Requires hospitals to develop a violence prevention program
Hospitals must create, implement, and update a formal violence prevention program with risk assessments, training, incident reporting, and coordination with law enforcement.
Hospitals must create, implement, and update a formal violence prevention program with risk assessments, training, incident reporting, and coordination with law enforcement.
Status and sponsors
- Bill number: A.203 (prints A203A / A203B)
- Title: Requires hospitals to develop a violence prevention program
- Introduced: January 8, 2025
- Primary sponsor: Assemblymember Catalina Cruz; many cosponsors (see full list above)
- Legislative status (as of 2025-06-11): Passed Assembly (6/11/2025); delivered to and passed the Senate (6/11/2025) after substitution for S5294B; bill was returned to the Assembly on 6/11/2025 (presumably for concurrence on Senate changes). Companion: S.5294 (S5294B).
Purpose / intent
- The bill requires hospitals to adopt and maintain a formal violence prevention program intended to reduce workplace and patient-directed violence, improve safety for patients and staff, and standardize prevention, reporting, and response practices across hospitals.
Key provisions (overview)
Note: the public bill text provided was not fully legible in the materials supplied. The items below summarize the core requirement (from the bill title/summary) and the sorts of specific elements that A.203 is designed to establish or typically includes in statutes of this type. Exact statutory language and any deadlines or penalty provisions should be confirmed in the bill text.
Who would be affected
- Hospitals licensed in the state (administration and compliance officers)
- Hospital employees and contractors (clinical and non‑clinical staff)
- Patients and visitors (through enhanced safety measures)
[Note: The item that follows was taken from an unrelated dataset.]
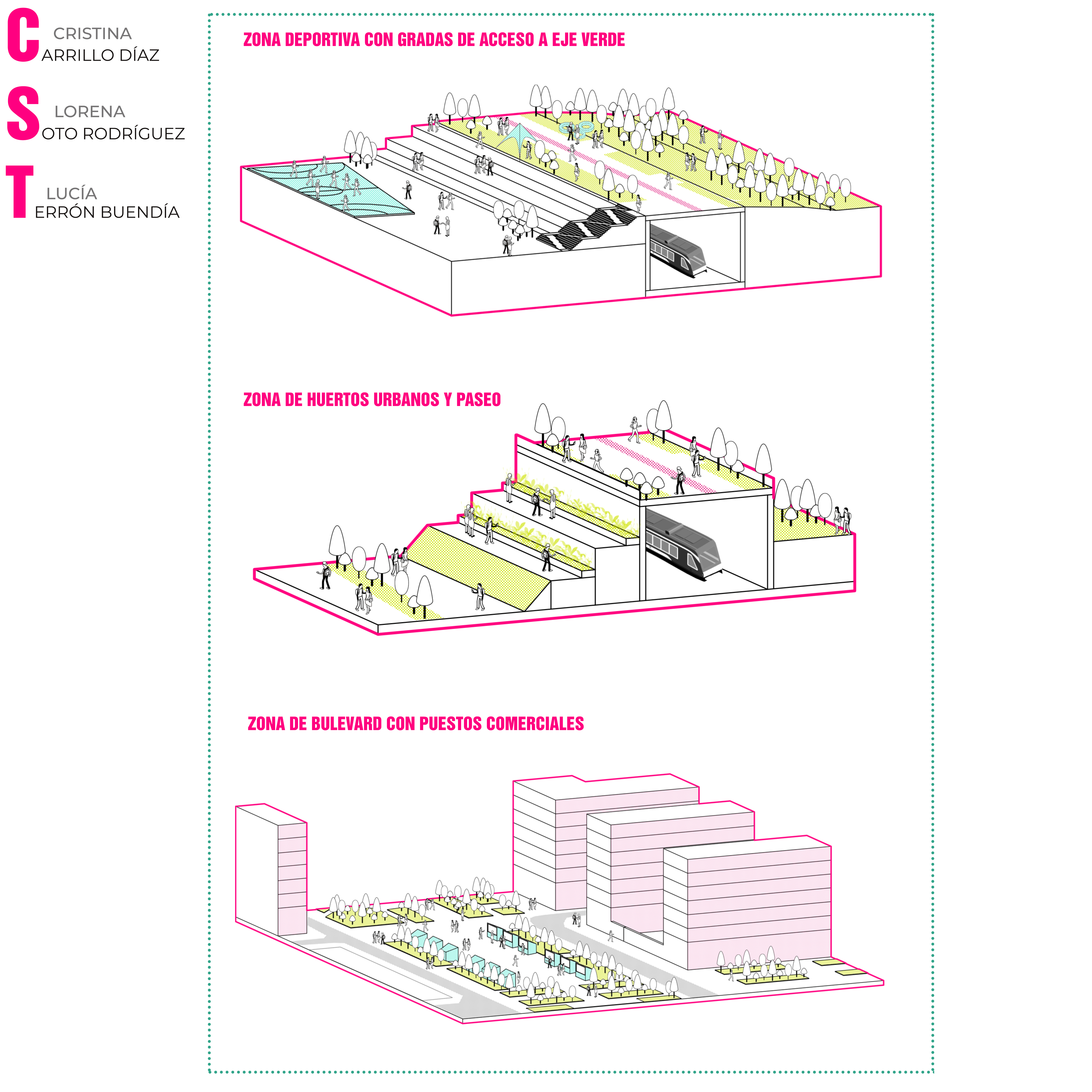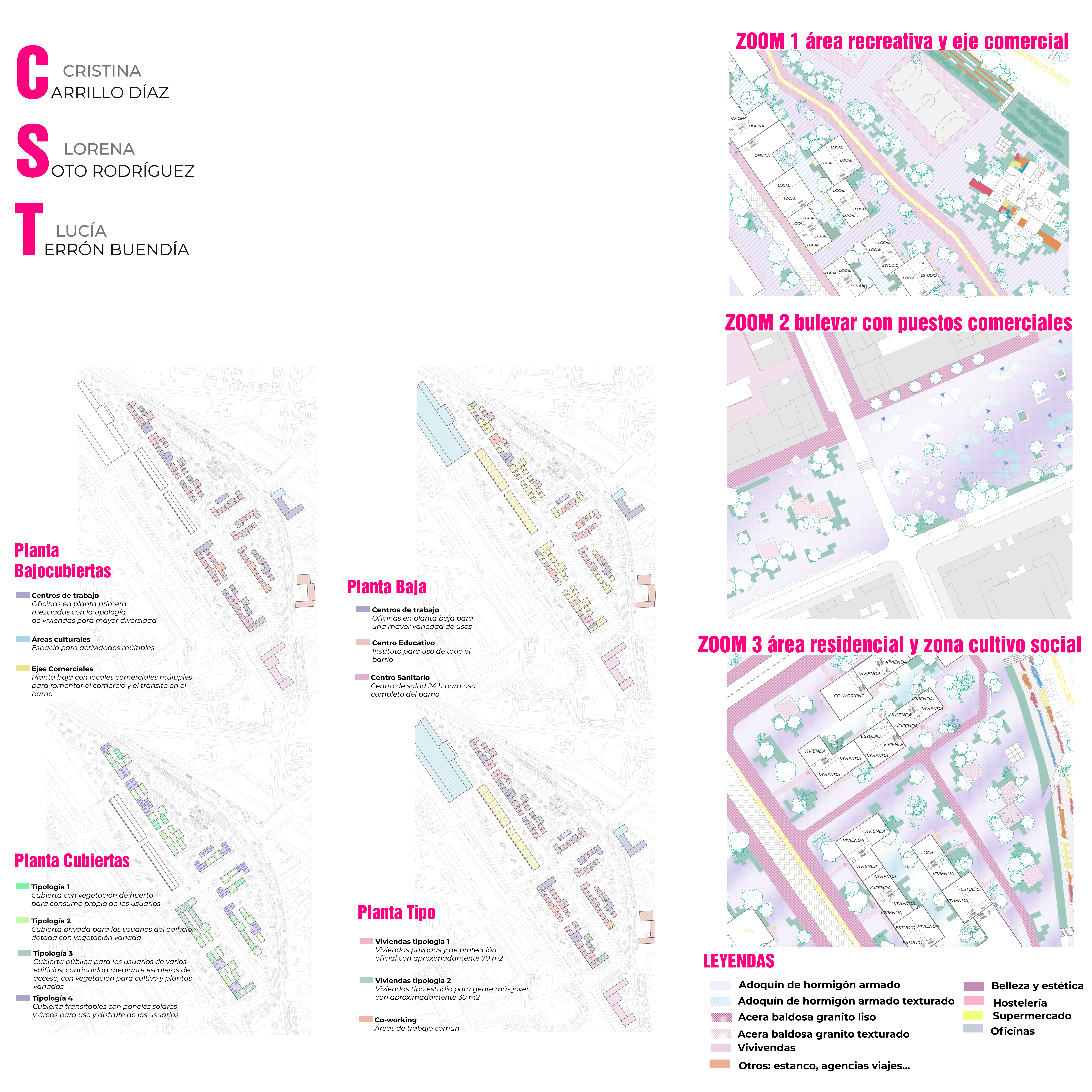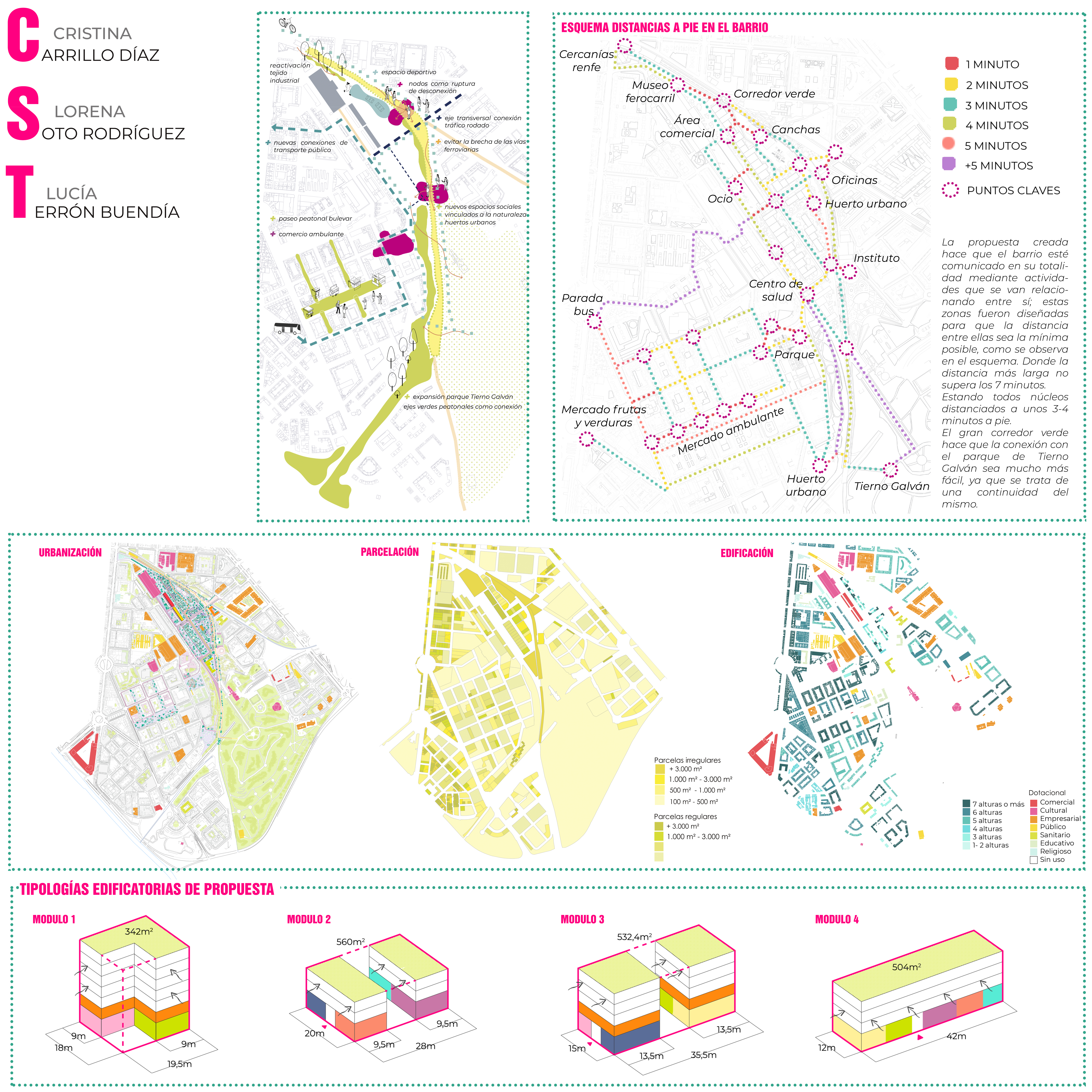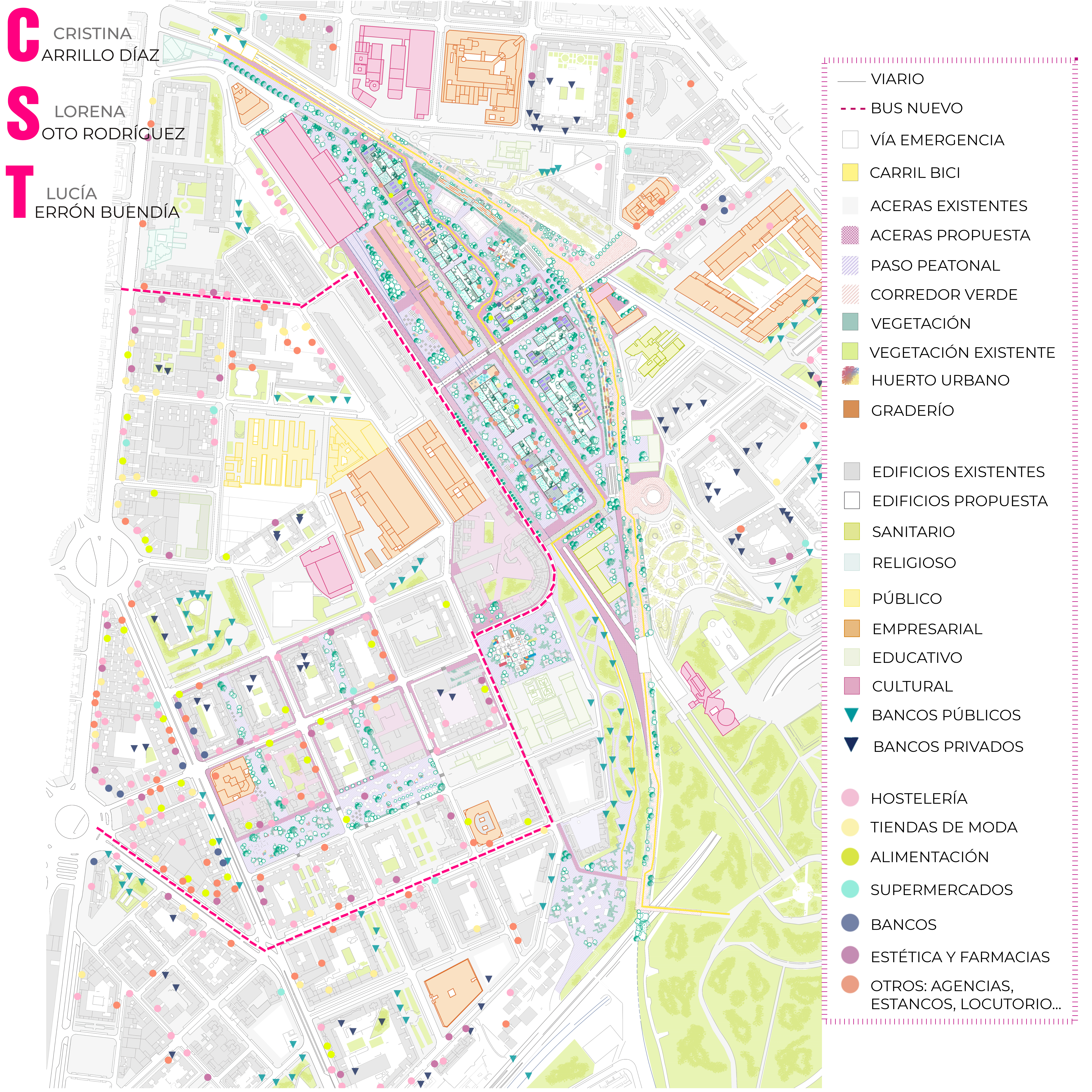 Se equipa el barrio con doctación, como un colegio, un centro de salud y un gran edificio de oficinas. Además de cubrir las vias, con un gran corredor verde que hace de pieza de remate final con el parque Tierno Galván, teniendo accesos con ambos lados y facilitando la movilidad y su recorrido, cuenta con un carril bici y diferentes espacios de activiades culturales y sociales.

- Local public safety and public health partners (coordination/ reporting)
- Potential budget/operational impacts for hospitals (training, security upgrades, recordkeeping)
Potential impacts
- Positive public‑health and occupational safety outcomes: reduced incidents of violence, clearer reporting and response, better staff preparedness.
- Administrative and fiscal effects: hospitals would face new compliance costs (training, security equipment, personnel time) and recordkeeping responsibilities; smaller hospitals may face proportionally higher burdens.
- Oversight implications: depending on enforcement language, the State may be given authority to audit compliance or tie compliance to licensing/inspection processes.
Procedural/timeline notes
- A.203 was printed in amended forms (A203A, A203B) and amended/re-referred to Health and Ways & Means during the spring of 2025.
- The bill passed both chambers on 6/11/2025 but was returned to the Assembly — typical next step is Assembly concurrence with any Senate amendments; if concurred, the bill would be enrolled and sent to the Governor for signature or veto.
- Check the Assembly legislative record for any concurrence vote or additional amendments following the 6/11/2025 return.
Related legislation
- Companion bill(s): S.5294 / S5294B
- Prior-session related bills: A.10733, A.6728, A.9910, A.4848, A.474
For exact statutory language, compliance dates, enforcement mechanisms, and fiscal notes, consult the official enrolled bill text and the bill’s Legislative Jacket or fiscal impact statement.
Compiled from official sources — confirm details with the bill’s official record.